At New Forty-Eight I made another left and headed back north toward Cotton Grove. A few minutes later, we were turning in at a ye olde quainte-type sign that pronounced this the entrance to the Pot Shot Pottery, open to the public only on weekends or by appointment.

This wasn’t the weekend, but neither were there no cables stretched across this lane, so I drove through a double line of high rose hedges for at least a quarter of a mile till the lane opened into a wide level farmyard graced by weeping willows that swept down a broad grassy bank to Possum Creek. Except for that one vista, the rest of the view was obscured by hedge roses, breath-of-spring bushes, mock oranges, and crepe myrtles.
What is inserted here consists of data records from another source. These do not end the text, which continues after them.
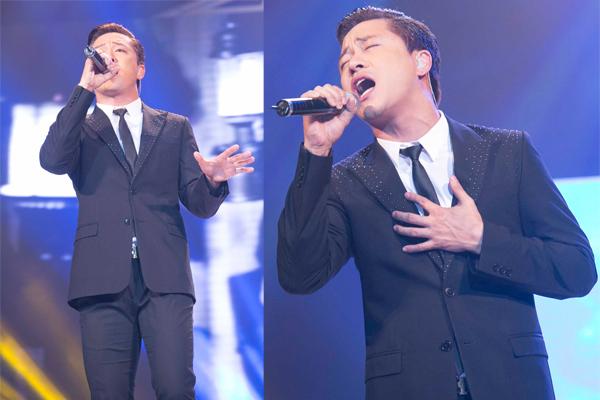 Trên sân khấu trong bộ vest đen lịch lãm Tuấn Hưng say sưa biểu diễn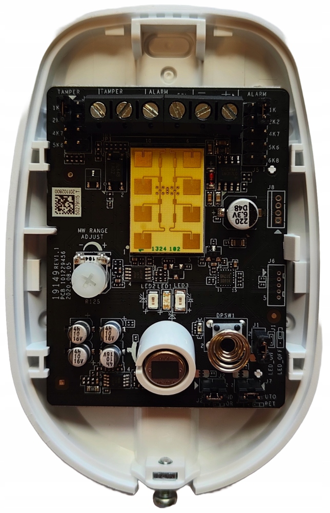 - Метод виявлення: PIR (подвійний) піроелемент) + MW (мікрохвильовий доплерівський датчик)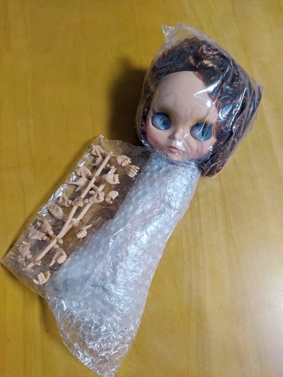 カーリーヘアのブライス人形と交換用手パーツが付属。

Off to the right and still on the last level area before the land begins to slope away stood a large wooden barn built of weathered gray boards. Yellow roses climbed as high as the second-floor windows on one side and twined up over a trellised doorway in the front. Once the barn had sat in a meadow at the edge of cotton fields. Now the fields were grown up in Queen A

Michael Vickery had converted the barn loft into living quarters the spring Janie died. The ground floor was used as a workshop with a huge kiln out back, and the old wood smokehouse, now a display shop for retail sales, had been salvaged from someone else’s farm halfway across the county.